> **Extracted entries**:
*** Begin section ***
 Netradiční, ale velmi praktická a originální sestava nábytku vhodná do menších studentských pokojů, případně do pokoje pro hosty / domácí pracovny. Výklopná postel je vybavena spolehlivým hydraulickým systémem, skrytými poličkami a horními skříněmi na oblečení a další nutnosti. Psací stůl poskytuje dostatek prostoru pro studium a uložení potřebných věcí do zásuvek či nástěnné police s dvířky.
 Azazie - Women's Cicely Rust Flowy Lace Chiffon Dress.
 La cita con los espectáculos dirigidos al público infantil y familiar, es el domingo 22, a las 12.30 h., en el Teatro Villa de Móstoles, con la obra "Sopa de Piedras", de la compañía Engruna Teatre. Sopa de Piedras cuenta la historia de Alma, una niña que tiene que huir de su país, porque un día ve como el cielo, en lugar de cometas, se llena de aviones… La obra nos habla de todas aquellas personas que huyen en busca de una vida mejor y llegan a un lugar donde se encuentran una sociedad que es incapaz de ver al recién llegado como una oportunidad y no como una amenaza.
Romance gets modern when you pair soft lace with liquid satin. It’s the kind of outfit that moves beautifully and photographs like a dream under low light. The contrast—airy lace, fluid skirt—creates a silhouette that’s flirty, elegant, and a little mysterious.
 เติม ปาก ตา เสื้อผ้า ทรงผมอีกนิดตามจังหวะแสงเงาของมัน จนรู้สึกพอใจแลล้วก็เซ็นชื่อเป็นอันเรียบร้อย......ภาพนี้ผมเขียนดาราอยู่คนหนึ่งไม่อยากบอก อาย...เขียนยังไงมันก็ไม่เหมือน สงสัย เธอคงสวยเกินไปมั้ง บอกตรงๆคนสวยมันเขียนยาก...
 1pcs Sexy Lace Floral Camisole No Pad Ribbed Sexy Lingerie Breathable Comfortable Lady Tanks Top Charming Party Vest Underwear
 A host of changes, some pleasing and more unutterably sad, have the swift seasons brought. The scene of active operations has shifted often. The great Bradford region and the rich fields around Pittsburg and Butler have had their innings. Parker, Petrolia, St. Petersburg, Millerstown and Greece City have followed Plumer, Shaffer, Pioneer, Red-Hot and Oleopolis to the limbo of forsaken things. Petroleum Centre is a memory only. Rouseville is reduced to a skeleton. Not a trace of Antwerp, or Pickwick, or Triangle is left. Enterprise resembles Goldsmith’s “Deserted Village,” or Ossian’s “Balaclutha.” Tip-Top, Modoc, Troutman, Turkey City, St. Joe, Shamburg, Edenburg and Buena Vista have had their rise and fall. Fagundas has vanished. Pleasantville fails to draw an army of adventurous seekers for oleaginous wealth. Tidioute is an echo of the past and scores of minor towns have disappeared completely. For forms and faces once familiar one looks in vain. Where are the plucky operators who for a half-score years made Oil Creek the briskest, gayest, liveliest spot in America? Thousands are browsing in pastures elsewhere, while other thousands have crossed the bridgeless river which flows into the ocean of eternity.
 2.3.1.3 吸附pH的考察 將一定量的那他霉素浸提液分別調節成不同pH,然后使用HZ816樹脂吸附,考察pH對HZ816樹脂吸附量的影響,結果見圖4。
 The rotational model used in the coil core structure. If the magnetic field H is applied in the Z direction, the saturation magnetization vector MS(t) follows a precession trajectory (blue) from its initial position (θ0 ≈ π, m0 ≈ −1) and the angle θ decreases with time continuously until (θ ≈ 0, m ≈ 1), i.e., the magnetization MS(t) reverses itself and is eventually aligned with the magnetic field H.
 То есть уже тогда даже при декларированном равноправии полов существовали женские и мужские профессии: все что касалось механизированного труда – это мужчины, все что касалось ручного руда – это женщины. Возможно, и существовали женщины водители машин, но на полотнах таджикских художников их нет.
*** End section ***
*** Begin section ***
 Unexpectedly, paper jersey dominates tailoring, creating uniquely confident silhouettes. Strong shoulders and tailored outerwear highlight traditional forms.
*** End section ***
> **Exercise brief**:
Using the data above, print exactly the lines from the line that contains "Romance gets modern" through the line that contains "เติม ปาก ตา", with both included.

> **Your solution**:
Romance gets modern when you pair soft lace with liquid satin. It’s the kind of outfit that moves beautifully and photographs like a dream under low light. The contrast—airy lace, fluid skirt—creates a silhouette that’s flirty, elegant, and a little mysterious.
 เติม ปาก ตา เสื้อผ้า ทรงผมอีกนิดตามจังหวะแสงเงาของมัน จนรู้สึกพอใจแลล้วก็เซ็นชื่อเป็นอันเรียบร้อย......ภาพนี้ผมเขียนดาราอยู่คนหนึ่งไม่อยากบอก อาย...เขียนยังไงมันก็ไม่เหมือน สงสัย เธอคงสวยเกินไปมั้ง บอกตรงๆคนสวยมันเขียนยาก...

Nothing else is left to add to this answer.